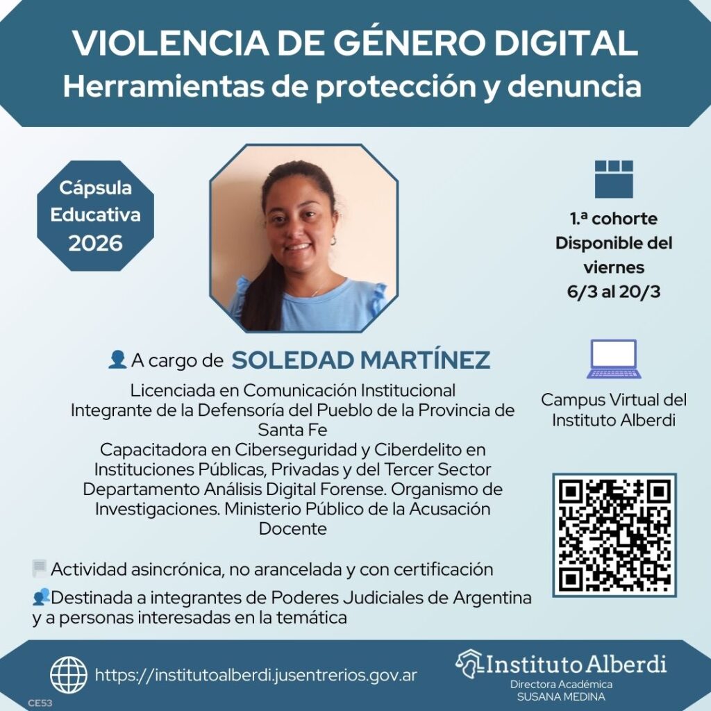 Para más información: https://institutoalberdi.jusentrerios.gov.ar/events/capsula-educativa-violencia-de-genero-digital-herramientas-de-proteccion-y-denuncia/
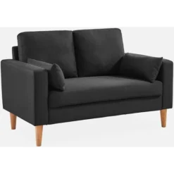 Divano In Tessuto Grigio Scuro – Bjorn – Divano A 2 Posti Con Gambe In Legno, Stile Scandinavo
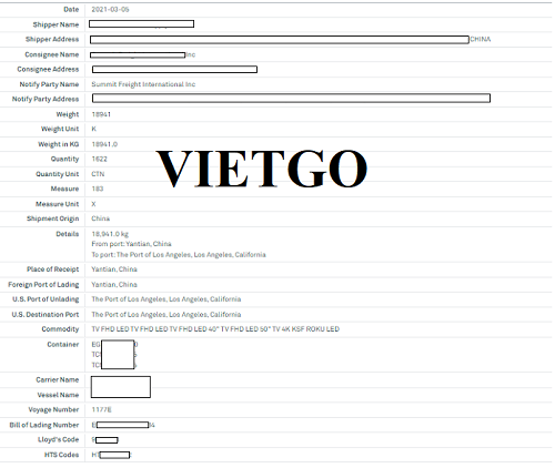 Hình ảnh thông tin vận đơn xuất khẩu ti vi LED full HD sang Mỹ được công ty vị khách hàng thực hiện thành công vào năm 2021
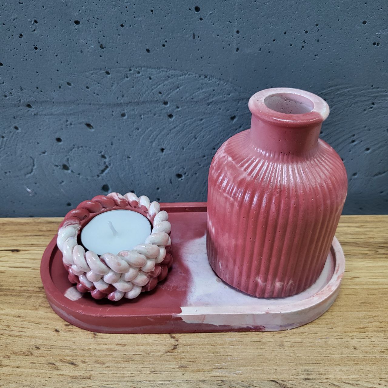 набір виробів з бетону білий з бордовим з вазою та підсвічником
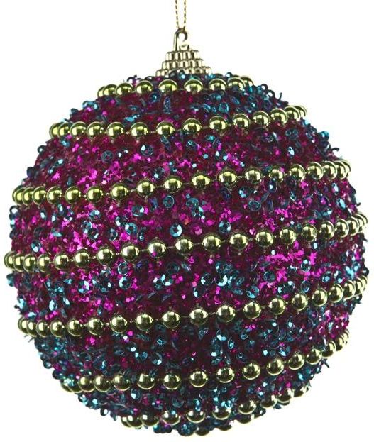 Urocza bombka o bogatym zdobieniu zachwyca blaskiem i elegancją. Jej powierzchnia pokryta jest drobnymi cekinami w odcieniach fuksji i turkusu, ozdobiona delikatnymi, złotymi koralikami ułożonymi w regularne pasy. Dzięki temu bombka pięknie połyskuje w świetle choinkowych lampek, wprowadzając do wnętrza wyjątkowy, świąteczny klimat. Zawieszkę można wykorzystać na wiele sposobów – nie tylko jako tradycyjną ozdobę na choince, ale również jako efektowny element dekoracyjny w innych miejscach domu. Doskonale sprawdzi się w stroikach, bukietach, wiankach czy kompozycjach stołowych. W towarzystwie innych bożonarodzeniowych ozdób prezentuje się niezwykle elegancko i dodaje wnętrzu ciepła oraz blasku. Mieniąca się bombka to idealny, świąteczny akcent, który przyciąga uwagę i wprowadza atmosferę radości. Dostępna jest także w innych wariantach kolorystycznych – skompletuj je wszystkie i stwórz zachwycającą, pełną blasku dekorację, która oczaruje Twoich bliskich. Nic tak nie dodaje uroku we wnętrzu jak przemyślane drobiazgi. Wymiary: wys. 10 cm, szer. 10 cm, dł. 10 cm Cena dotyczy kompletu 2 sztuk. Zdjęcie aranżacyjne ma charakter poglądowy. Prezentowana aranżacja może zawierać elementy dekoracyjne niewchodzące w skład zestawu. Szczegóły dotyczące zawartości znajdują się w opisie produktu.
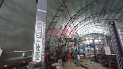 Аренда ангара арочного типа с внутренними офисными подсобными и бытовыми помещениями, отапливаемый, большие ворота, возможность аренды с подъемниками (KRAFT WELL 4000 кг) 2 шт и оборудованием для автосервиса или ангар очистят от всего лишнего, на базе открытые площадки.

++++

■ EXERCISE INSTRUCTIONS: Where the line with "Urocza bombka o" appears, begin there and transcribe exactly through the last line of the data, leaving all pictures aside.

■ TASK RESPONSE:
 Urocza bombka o bogatym zdobieniu zachwyca blaskiem i elegancją. Jej powierzchnia pokryta jest drobnymi cekinami w odcieniach fuksji i turkusu, ozdobiona delikatnymi, złotymi koralikami ułożonymi w regularne pasy. Dzięki temu bombka pięknie połyskuje w świetle choinkowych lampek, wprowadzając do wnętrza wyjątkowy, świąteczny klimat. Zawieszkę można wykorzystać na wiele sposobów – nie tylko jako tradycyjną ozdobę na choince, ale również jako efektowny element dekoracyjny w innych miejscach domu. Doskonale sprawdzi się w stroikach, bukietach, wiankach czy kompozycjach stołowych. W towarzystwie innych bożonarodzeniowych ozdób prezentuje się niezwykle elegancko i dodaje wnętrzu ciepła oraz blasku. Mieniąca się bombka to idealny, świąteczny akcent, który przyciąga uwagę i wprowadza atmosferę radości. Dostępna jest także w innych wariantach kolorystycznych – skompletuj je wszystkie i stwórz zachwycającą, pełną blasku dekorację, która oczaruje Twoich bliskich. Nic tak nie dodaje uroku we wnętrzu jak przemyślane drobiazgi. Wymiary: wys. 10 cm, szer. 10 cm, dł. 10 cm Cena dotyczy kompletu 2 sztuk. Zdjęcie aranżacyjne ma charakter poglądowy. Prezentowana aranżacja może zawierać elementy dekoracyjne niewchodzące w skład zestawu. Szczegóły dotyczące zawartości znajdują się w opisie produktu.
 Аренда ангара арочного типа с внутренними офисными подсобными и бытовыми помещениями, отапливаемый, большие ворота, возможность аренды с подъемниками (KRAFT WELL 4000 кг) 2 шт и оборудованием для автосервиса или ангар очистят от всего лишнего, на базе открытые площадки.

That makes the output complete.